## WORK ITEM:
Set down, exactly as they stand, the lines from the one containing "رگال لباس و" through the last line of the records below, leaving every picture out.

▼

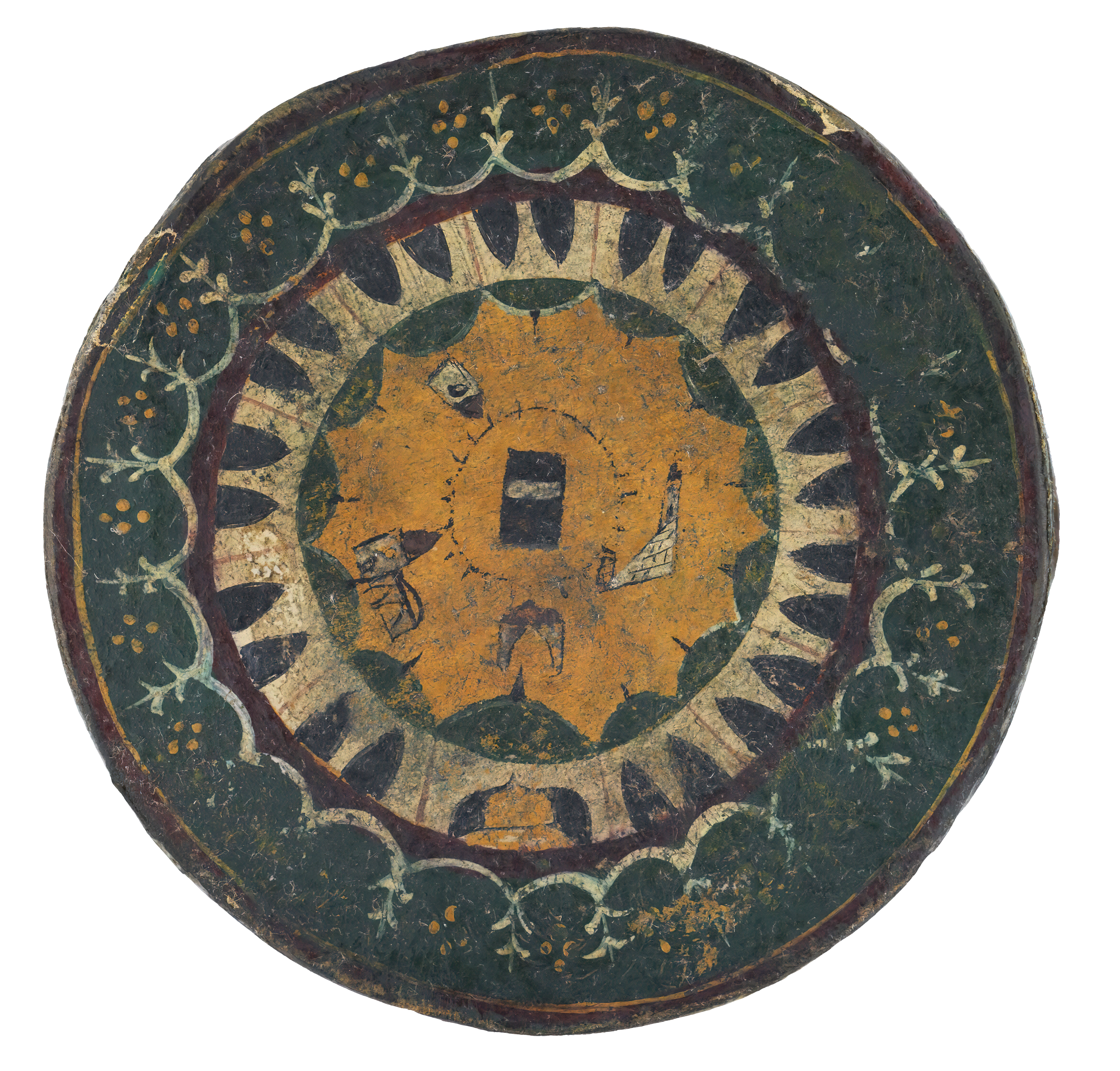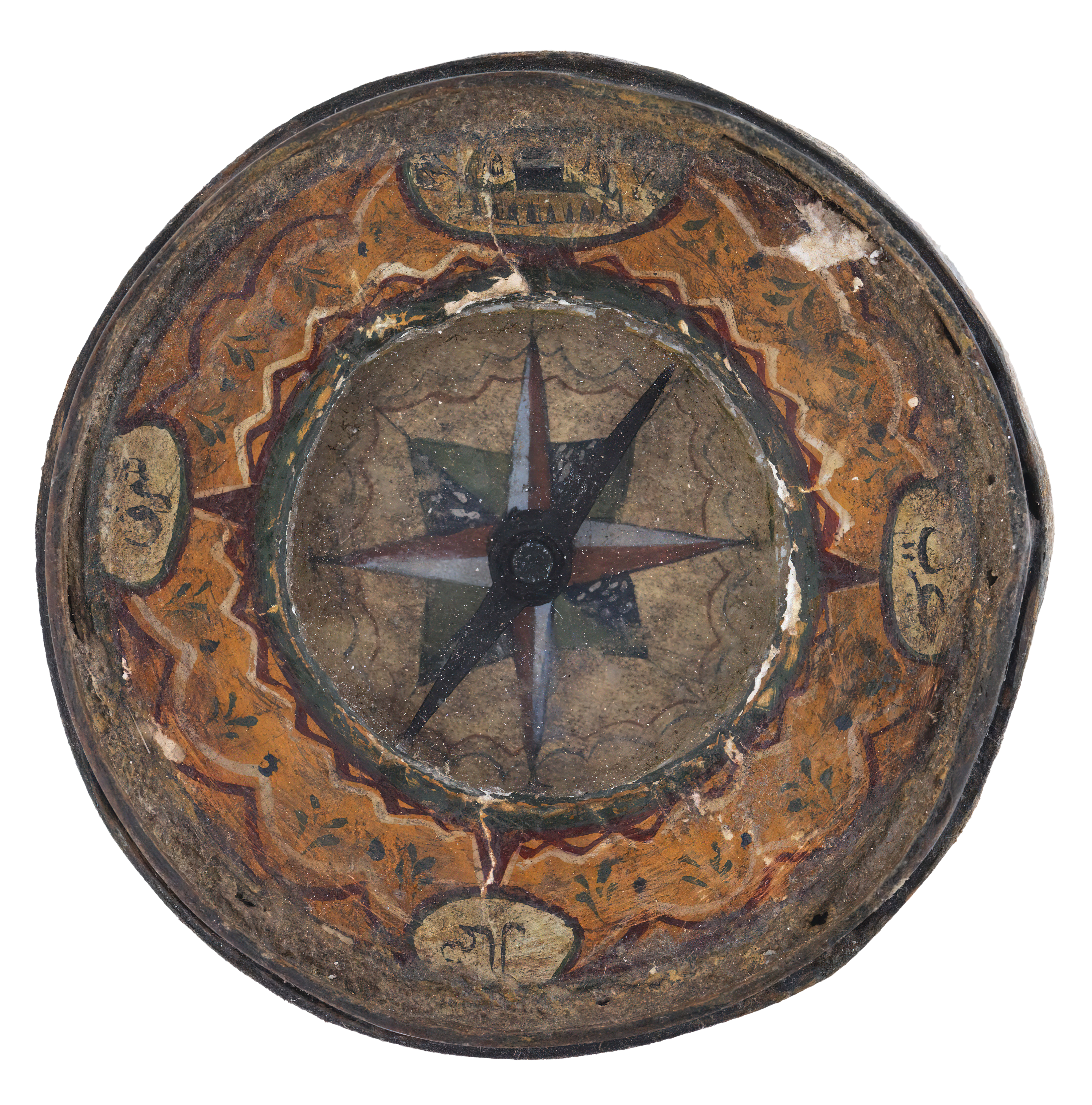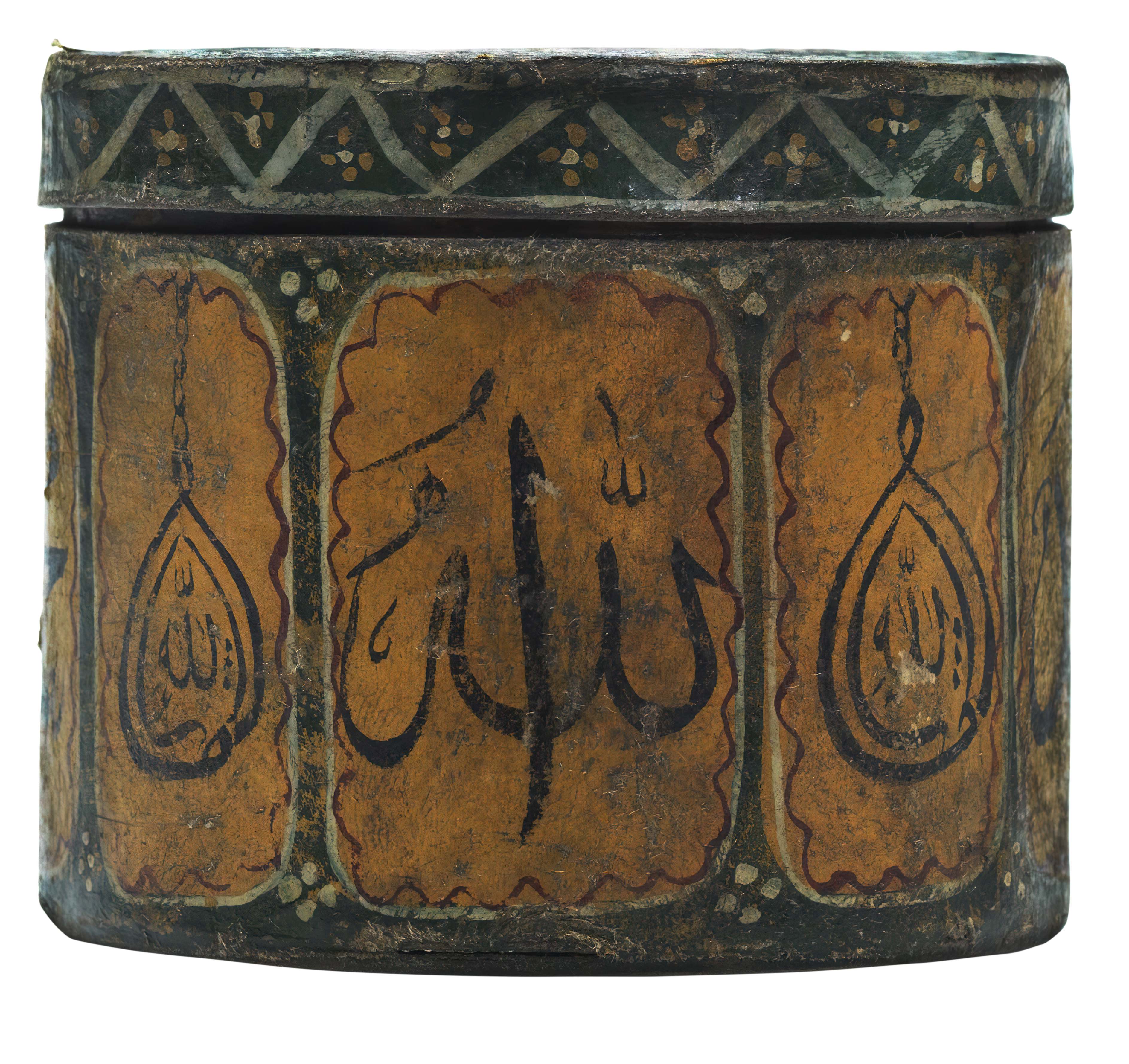 The schematic depictions around the Ka‘bah on the top of the lid include Zamzam and the minbar of the Haram. A view of the Meccan sanctuary replaces the word junub (‘south’) on the interior. The names of Allah and Muhammad alternate with the phrase Masha’a Allah (‘Whatsoever God wills’) on the sides.
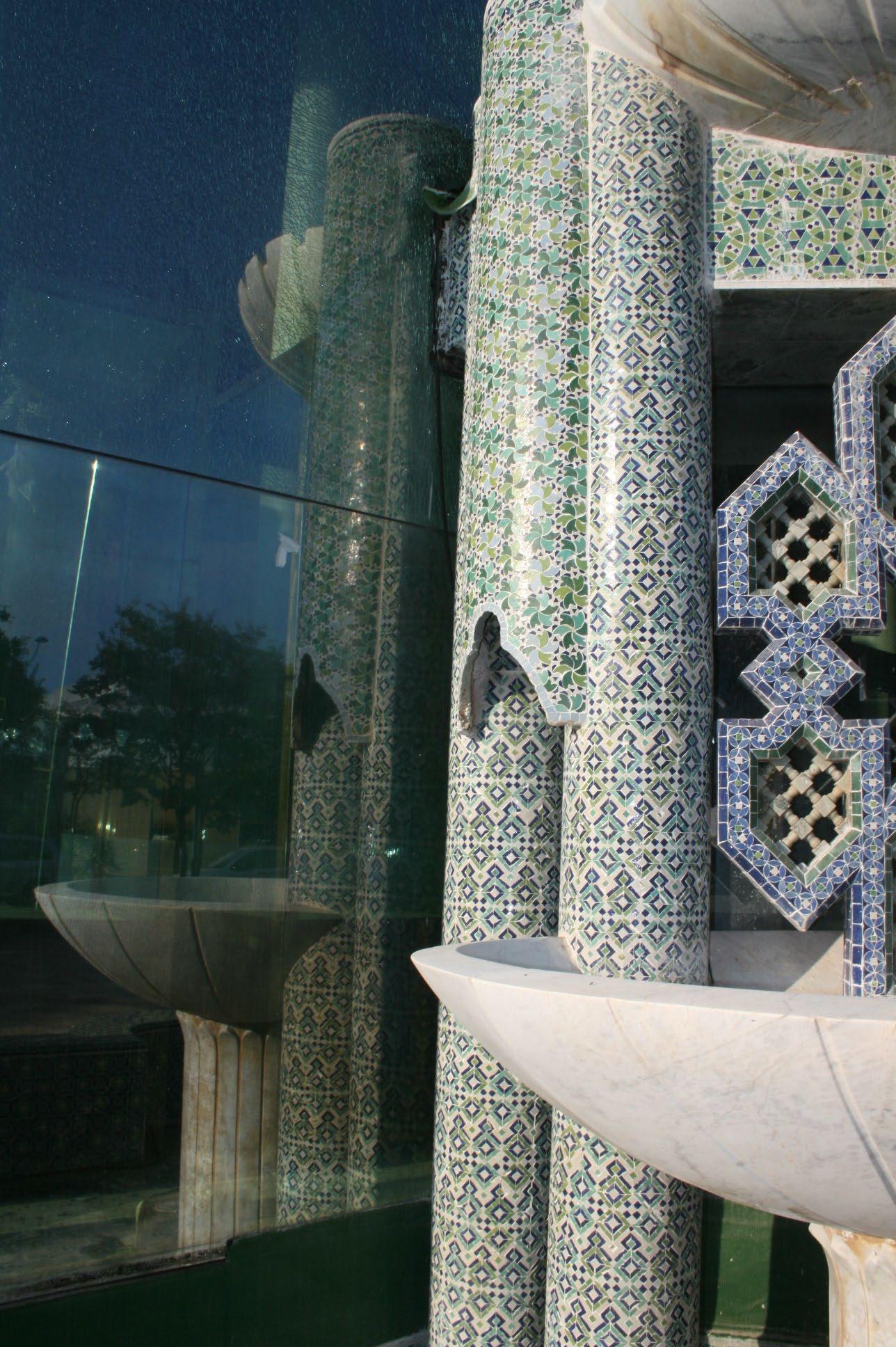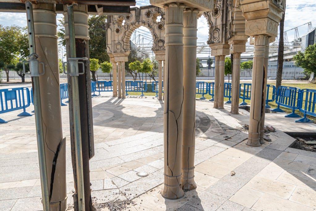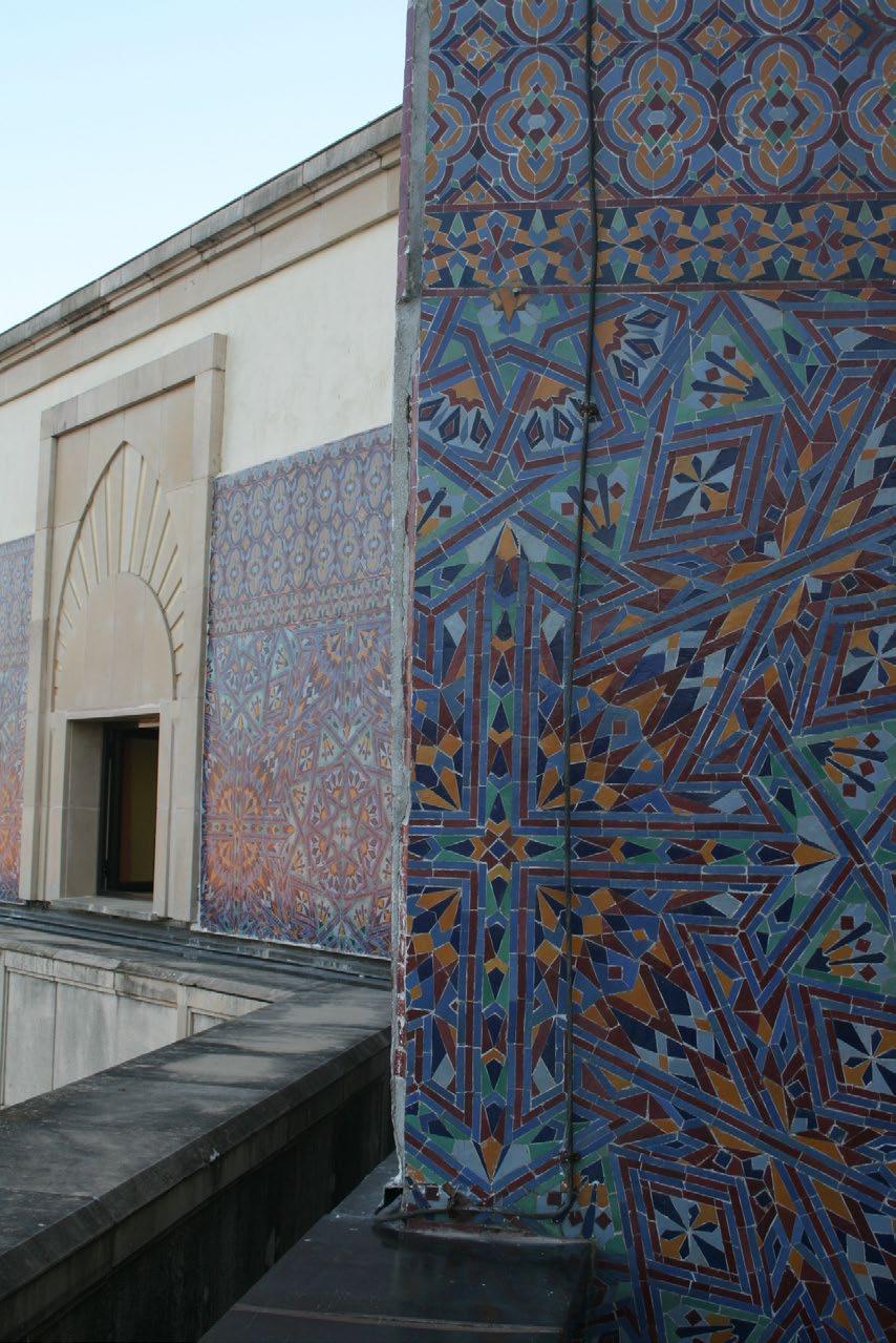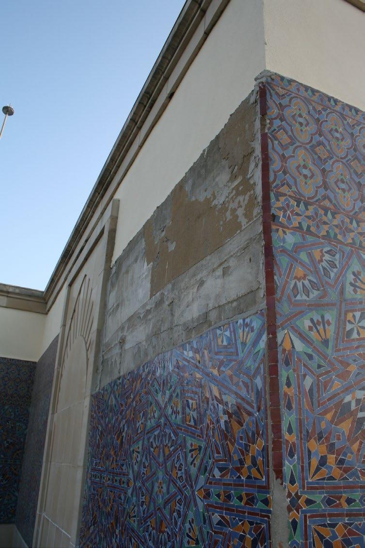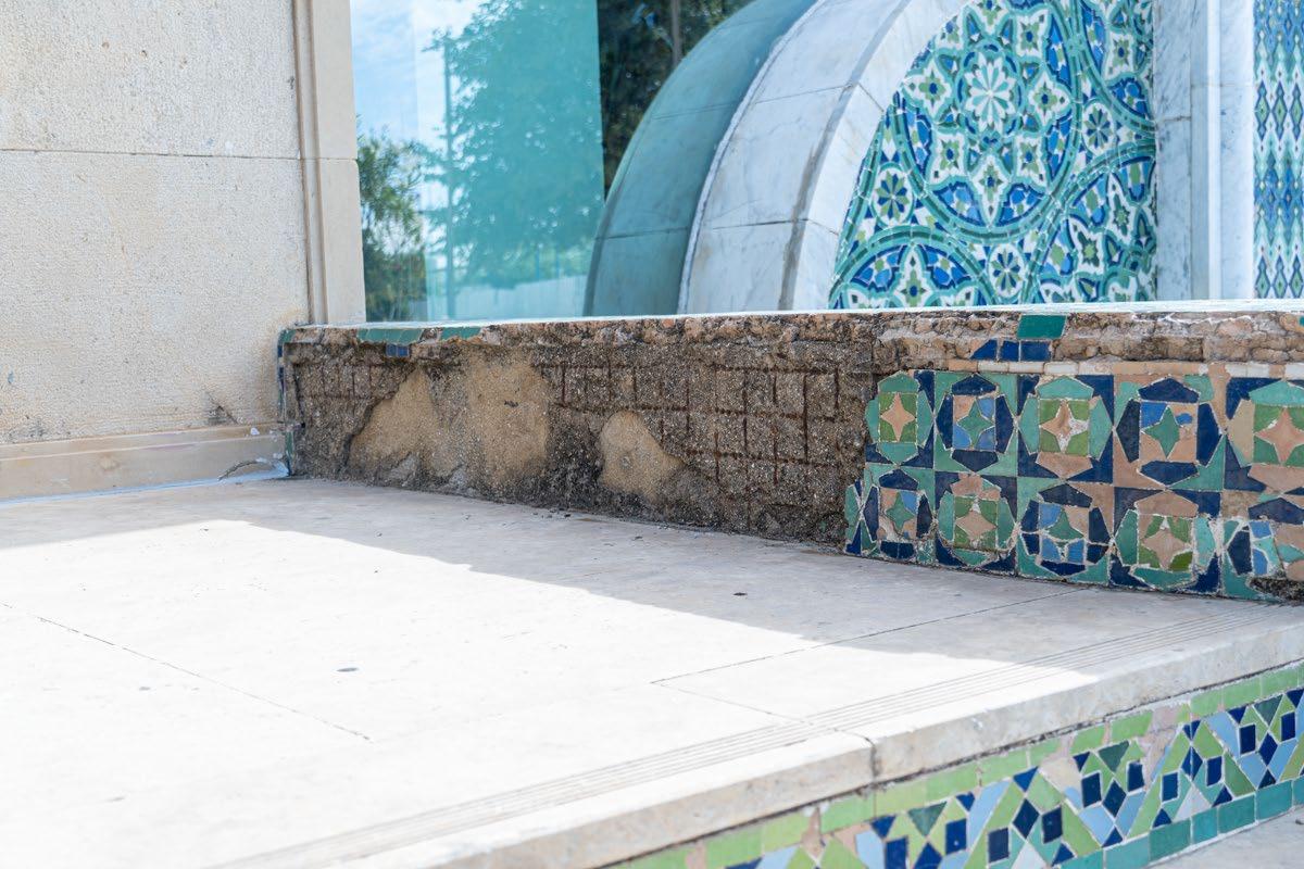 La façade sud étant plus exposée aux variations de température, la dilatation et l'absence de joints provoquent le décollement de la mosaïque. Le détachement de la mosaïque en zellige est très visible dans les fontaines monumentales, dans les jardinières extérieures et sur les marches de l'entrée et du côté est.
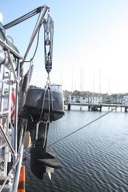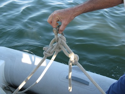 Obviously, it’s easy to tie the bowlines in different places to rebalance when the outboard is not on the dinghy for hanging.
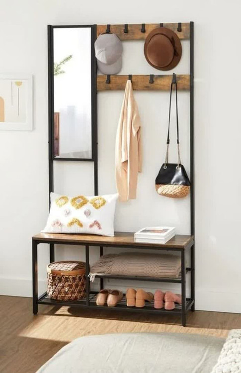 رگال لباس و جاکفشی مینیمال آینهدار یک انتخاب کاربردی و شیک برای ورودی منزل یا اتاق شماست. این محصول با ترکیب چوب و فلز، ظاهری مدرن و مینیمال دارد و به راحتی فضای ورودی را منظم و زیباتر میکند.
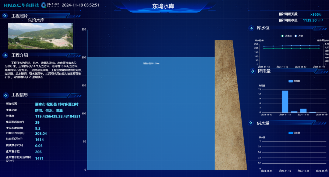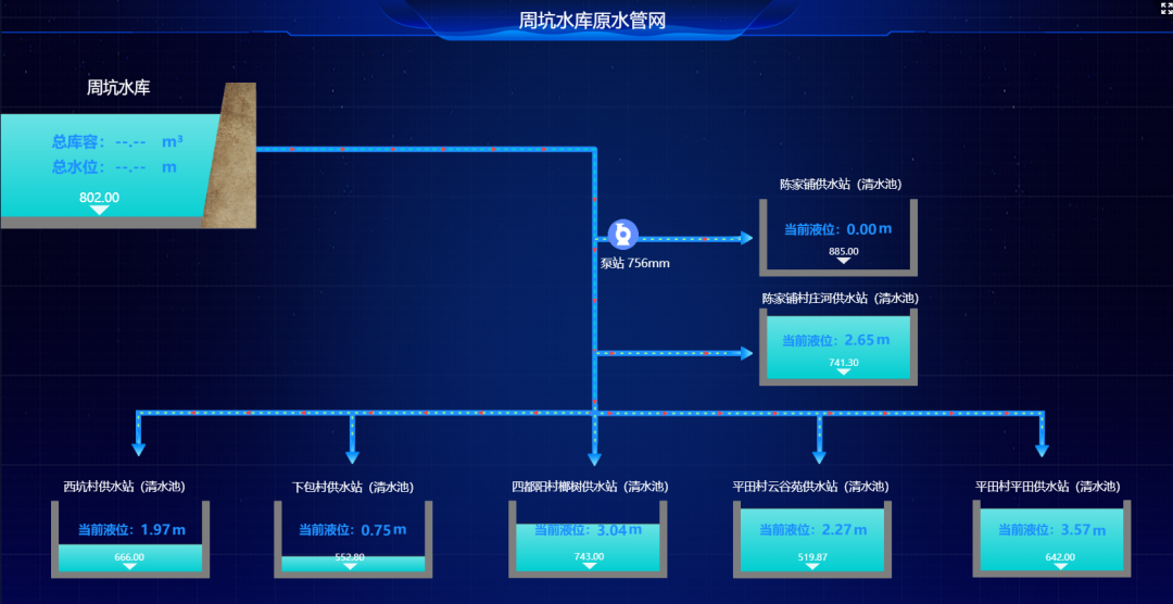 对水源点水位、降雨情况及趋势进行动态监控,对供水管网运行情况进行实时监测调度,主要包括管网用水流量、水池水位信息。

▲

## EXERCISE SOLUTION:
 رگال لباس و جاکفشی مینیمال آینهدار یک انتخاب کاربردی و شیک برای ورودی منزل یا اتاق شماست. این محصول با ترکیب چوب و فلز، ظاهری مدرن و مینیمال دارد و به راحتی فضای ورودی را منظم و زیباتر میکند.
 对水源点水位、降雨情况及趋势进行动态监控,对供水管网运行情况进行实时监测调度,主要包括管网用水流量、水池水位信息。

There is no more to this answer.